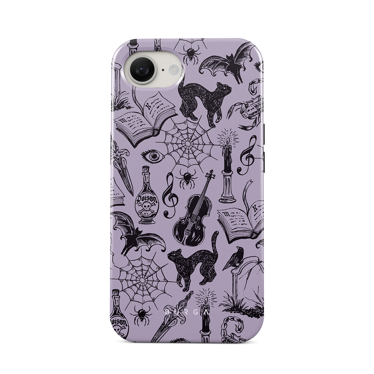 This design features: gothic doodles, mystical elements, spiders, spiderweb, cat, violin, eye, candle, dagger, book, bat, crow, scorpion
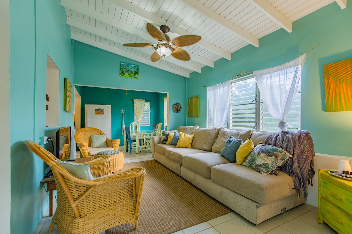 Pobjegnite u ovaj elegantni apartman za goste koji se nalazi u centru grada na skoro hektaru tropskog zemljišta sa šapatnim palmama i voćkama. Ovaj novouređeni studio uključuje potpuno opremljenu kuhinju (sa začinima!) i mirno zajedničko dvorište sa roštiljem. Udahnite karipski povjetarac, opustite se pod zvijezdama i uživajte u našem objektu prikladnom za 420 osoba - samo je zabranjeno pušenje u zatvorenom prostoru. Savršeno za parove, putnike koji putuju sami ili bilo koga ko traži mir, udobnost i autentičnu ostrvsku atmosferu.
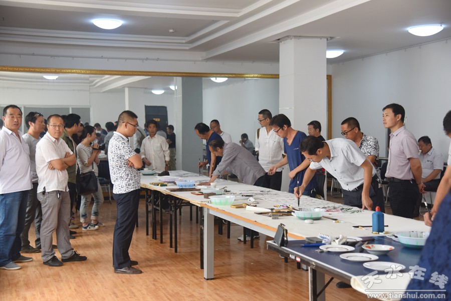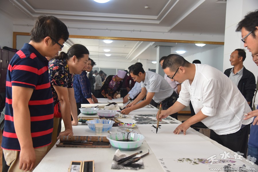 下午3点,在张川县文化馆举行两市六县区书画笔会。各地书画家们倾心书画艺术,用饱含深情的笔墨,一气呵成,笔走龙蛇,为现场群众创作了近100幅书画作品。大家相互品评,互相交流,现场创作气氛浓厚。这次笔会活动为两地书画艺术家提供了难得的交流机会,展示了两地书画创作水平。
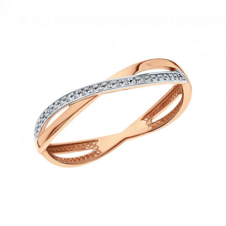 Кольцо с 21 бриллиантом, 0.038 карат, огранка круг 17 граней, цвет 2, чистота 2, тип огранки А; Розовое золото 585 пробы.
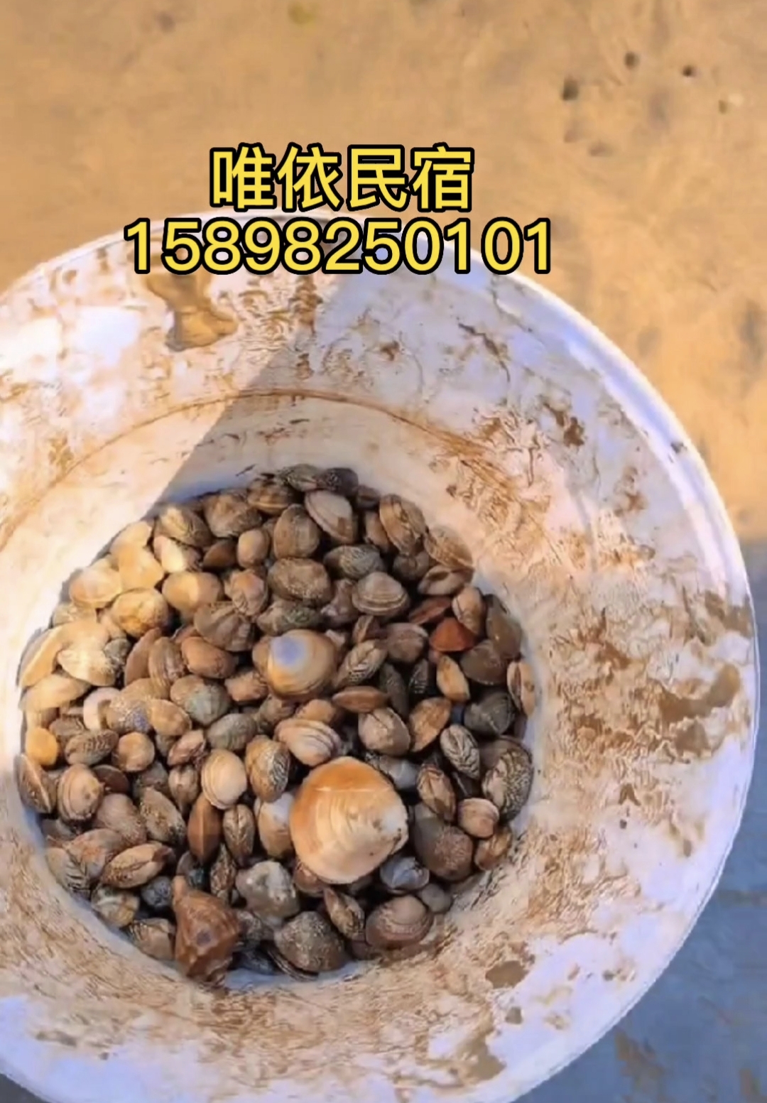 海滨浴场民宿的老板,可以叫我唯依!这赶海收货咋样!必备条件,得大潮,而且前一天有风浪!才能收货满满!推荐工具,小耙子,小夹子,手套(厚一点的最好有胶皮的)最后市小桶!(装海鲜的)
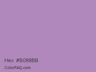 Hex #b088bb Color is a light purple color and the nearest color is African Violet #b284be. Hex code #b088bb and RGB value is rgb(176,136,187). In RGB color space, this color is composed of 69% red, 53% green, 73% blue, In CMYK color space, this color is composed of 6% cyan, 27% magenta, 0% yellow , 27% black , In HSL color space, this color has a hue angle of 287° , 27% saturation and 63% lightness.
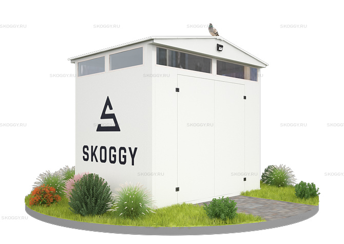 По своей конструкции контейнер Skoggy представляет модульное сооружение, которое состоит из сборных элементов. При сборке элементы устанавливаются один в другой и фиксируются болтовыми соединениями. Конструкция дверей, крыши и стен представляют собой каркас из сложногнутого профиля толщиной 0,7 мм. Каркас обшивается профлистом НС-35 толщиной 0,45-0,55 мм. Такая толщина оптимальна для обеспечения прочности и устойчивости конструкции.
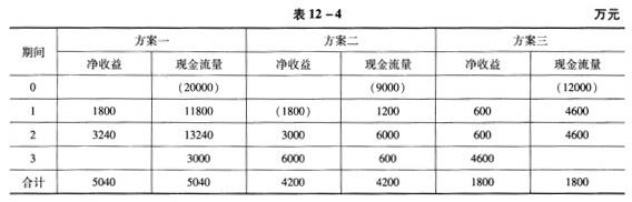 问题 共用题干 某企业在进行项目投资决策时,有三项投资方案可供选择,各方案在其寿命周期内的净利润和现金净流量如表12-4所示。设贴现率为10%,回答下列问题:
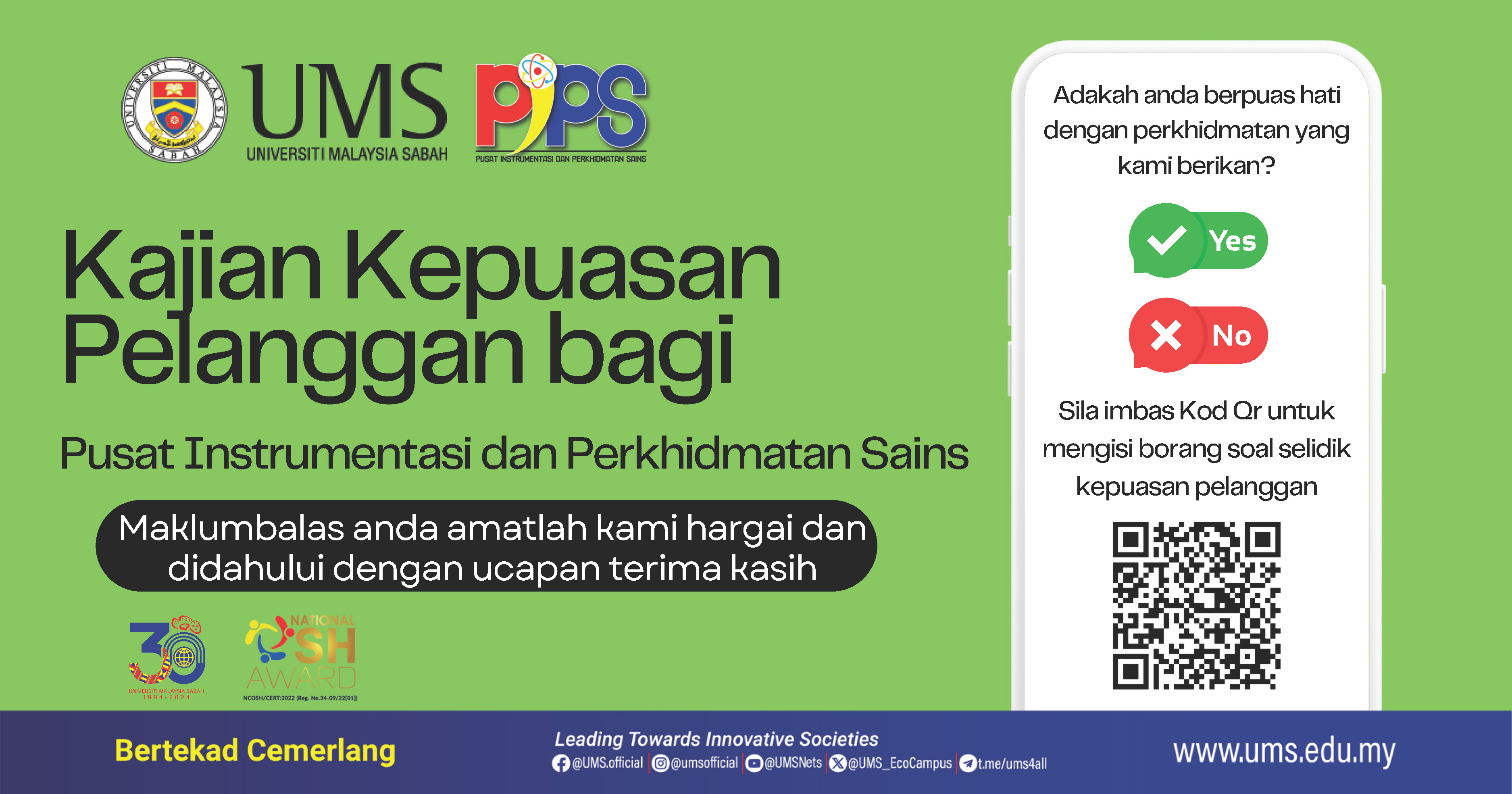 Pihak kami memohon maklum balas daripada YBrs. Prof./Prof. Madya/Dr./Tuan/Puan untuk melengkapkan soal selidik kajian kepuasan pelanggan melalui imbasan kod QR di poster bagi meningkatkan mutu & kualiti perkhidmatan kami.
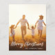 Budget-friendly simple and elegant holiday greeting card featuring your photo with "Merry Christmas" in a white script overlay. Personalise with your name in modern white typography. On the reverse side, add 3 additional photos and your holiday greeting.
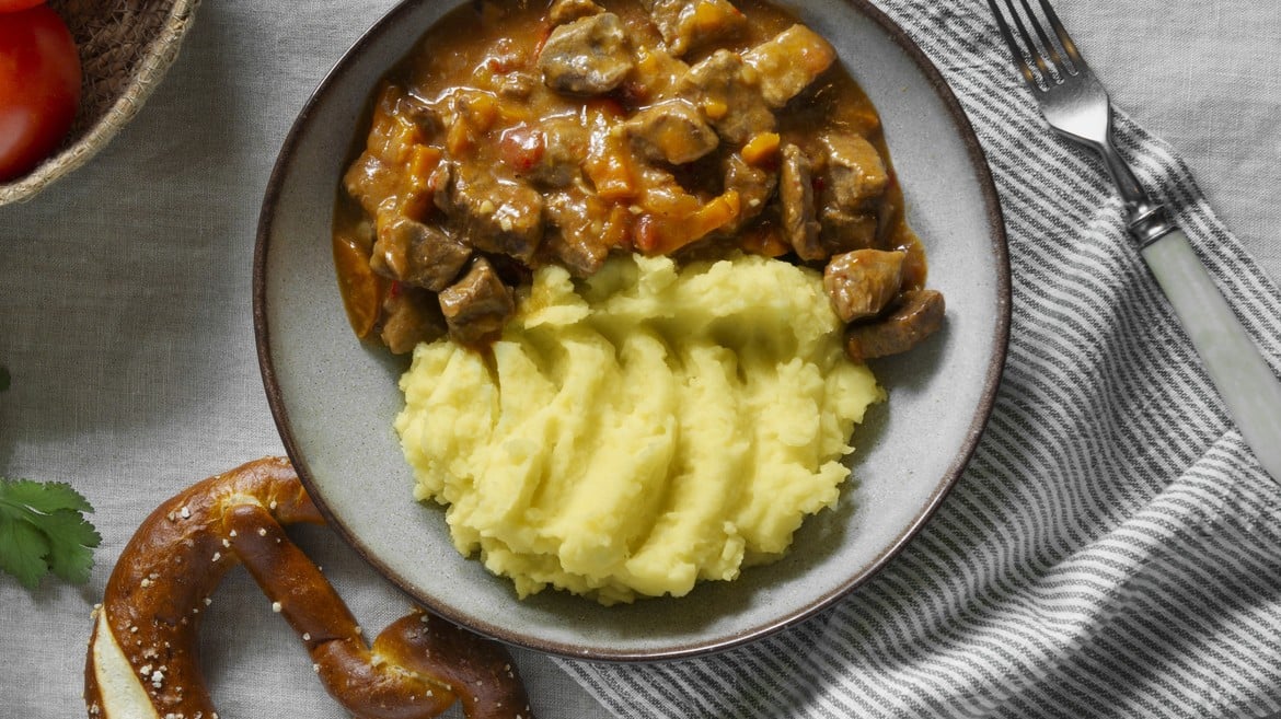 Morbida polenta di patate, preparata secondo la ricetta tipica trentina, servita con un gustoso spezzatino di carne cotto lentamente
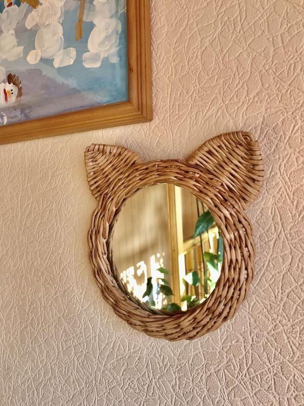 Зеркало в плетёной рамке в виде котика, ручная работа. Диаметр18 см или любой по Вашему выбору, с ушками высота 21 см, диаметр самого зеркала - 13 см. На обратной стороне петелька для крепления. Безопасно для детей - плетение обработано лаком на водной основе и не боится влаги. Размер , цвет и дизайн может быть другой по Вашему желанию, цена будет зависеть от размера. Товар под заказ, срок изготовления 7-14 дней
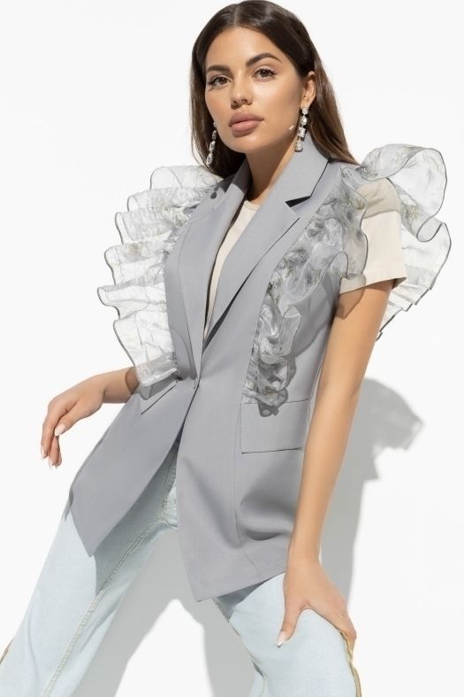 Жилет серый с объёмными рюшами из органзы
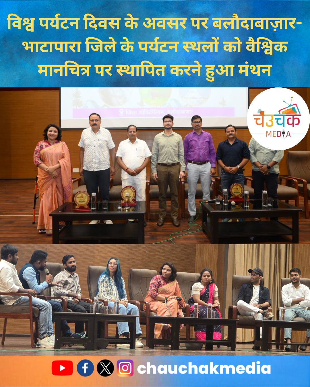बलौदाबाज़ार-भाटापारा: 30 सितंबर विश्व पर्यटन दिवस के अवसर पर बलौदाबाज़ार-भाटापारा ज़िले में पर्यटन की संभावनाओं और विकास पर सार्थक परिचर्चा हुई। जिसमें वरिष्ठ पत्रकारों,विषय विशेषज्ञों और सोशल मीडिया इन्फ़्लुएंसरों ने ज़िले के पर्यटन स्थलों को वैश्विक मानचित्र पर स्थापित करने मंथन किया गया।
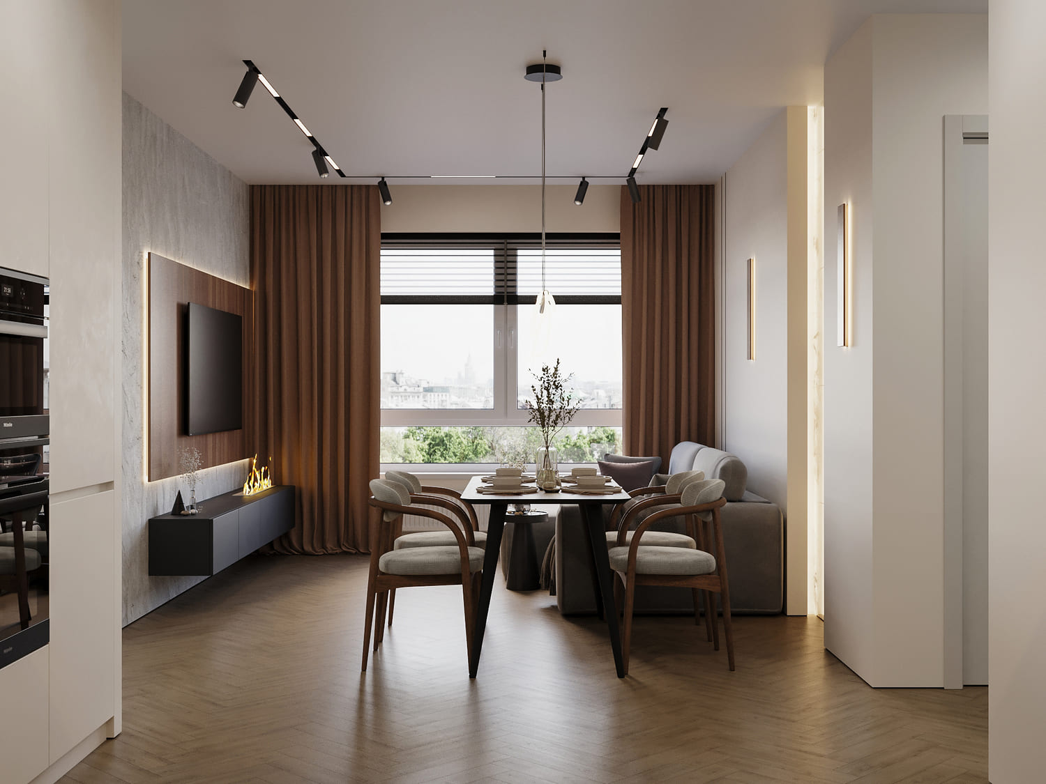 Столовая зона выделена современным деревянным столом и креслами с мягкой обивкой. Над столом — дизайнерский светильник с плавной линией, создающий ощущение динамики и добавляющий мягкого рассеянного света для ужинов и встреч с друзьями.
--------------------------------
#### What to produce:
Copy the entries exactly. Leave out the images.

#### Response area:
 This design features: gothic doodles, mystical elements, spiders, spiderweb, cat, violin, eye, candle, dagger, book, bat, crow, scorpion
 Pobjegnite u ovaj elegantni apartman za goste koji se nalazi u centru grada na skoro hektaru tropskog zemljišta sa šapatnim palmama i voćkama. Ovaj novouređeni studio uključuje potpuno opremljenu kuhinju (sa začinima!) i mirno zajedničko dvorište sa roštiljem. Udahnite karipski povjetarac, opustite se pod zvijezdama i uživajte u našem objektu prikladnom za 420 osoba - samo je zabranjeno pušenje u zatvorenom prostoru. Savršeno za parove, putnike koji putuju sami ili bilo koga ko traži mir, udobnost i autentičnu ostrvsku atmosferu.
 下午3点,在张川县文化馆举行两市六县区书画笔会。各地书画家们倾心书画艺术,用饱含深情的笔墨,一气呵成,笔走龙蛇,为现场群众创作了近100幅书画作品。大家相互品评,互相交流,现场创作气氛浓厚。这次笔会活动为两地书画艺术家提供了难得的交流机会,展示了两地书画创作水平。
 Кольцо с 21 бриллиантом, 0.038 карат, огранка круг 17 граней, цвет 2, чистота 2, тип огранки А; Розовое золото 585 пробы.
 海滨浴场民宿的老板,可以叫我唯依!这赶海收货咋样!必备条件,得大潮,而且前一天有风浪!才能收货满满!推荐工具,小耙子,小夹子,手套(厚一点的最好有胶皮的)最后市小桶!(装海鲜的)
 Hex #b088bb Color is a light purple color and the nearest color is African Violet #b284be. Hex code #b088bb and RGB value is rgb(176,136,187). In RGB color space, this color is composed of 69% red, 53% green, 73% blue, In CMYK color space, this color is composed of 6% cyan, 27% magenta, 0% yellow , 27% black , In HSL color space, this color has a hue angle of 287° , 27% saturation and 63% lightness.
 По своей конструкции контейнер Skoggy представляет модульное сооружение, которое состоит из сборных элементов. При сборке элементы устанавливаются один в другой и фиксируются болтовыми соединениями. Конструкция дверей, крыши и стен представляют собой каркас из сложногнутого профиля толщиной 0,7 мм. Каркас обшивается профлистом НС-35 толщиной 0,45-0,55 мм. Такая толщина оптимальна для обеспечения прочности и устойчивости конструкции.
 问题 共用题干 某企业在进行项目投资决策时,有三项投资方案可供选择,各方案在其寿命周期内的净利润和现金净流量如表12-4所示。设贴现率为10%,回答下列问题:
 Pihak kami memohon maklum balas daripada YBrs. Prof./Prof. Madya/Dr./Tuan/Puan untuk melengkapkan soal selidik kajian kepuasan pelanggan melalui imbasan kod QR di poster bagi meningkatkan mutu & kualiti perkhidmatan kami.
 Budget-friendly simple and elegant holiday greeting card featuring your photo with "Merry Christmas" in a white script overlay. Personalise with your name in modern white typography. On the reverse side, add 3 additional photos and your holiday greeting.
 Morbida polenta di patate, preparata secondo la ricetta tipica trentina, servita con un gustoso spezzatino di carne cotto lentamente
 Зеркало в плетёной рамке в виде котика, ручная работа. Диаметр18 см или любой по Вашему выбору, с ушками высота 21 см, диаметр самого зеркала - 13 см. На обратной стороне петелька для крепления. Безопасно для детей - плетение обработано лаком на водной основе и не боится влаги. Размер , цвет и дизайн может быть другой по Вашему желанию, цена будет зависеть от размера. Товар под заказ, срок изготовления 7-14 дней
 Жилет серый с объёмными рюшами из органзы
बलौदाबाज़ार-भाटापारा: 30 सितंबर विश्व पर्यटन दिवस के अवसर पर बलौदाबाज़ार-भाटापारा ज़िले में पर्यटन की संभावनाओं और विकास पर सार्थक परिचर्चा हुई। जिसमें वरिष्ठ पत्रकारों,विषय विशेषज्ञों और सोशल मीडिया इन्फ़्लुएंसरों ने ज़िले के पर्यटन स्थलों को वैश्विक मानचित्र पर स्थापित करने मंथन किया गया।
 Столовая зона выделена современным деревянным столом и креслами с мягкой обивкой. Над столом — дизайнерский светильник с плавной линией, создающий ощущение динамики и добавляющий мягкого рассеянного света для ужинов и встреч с друзьями.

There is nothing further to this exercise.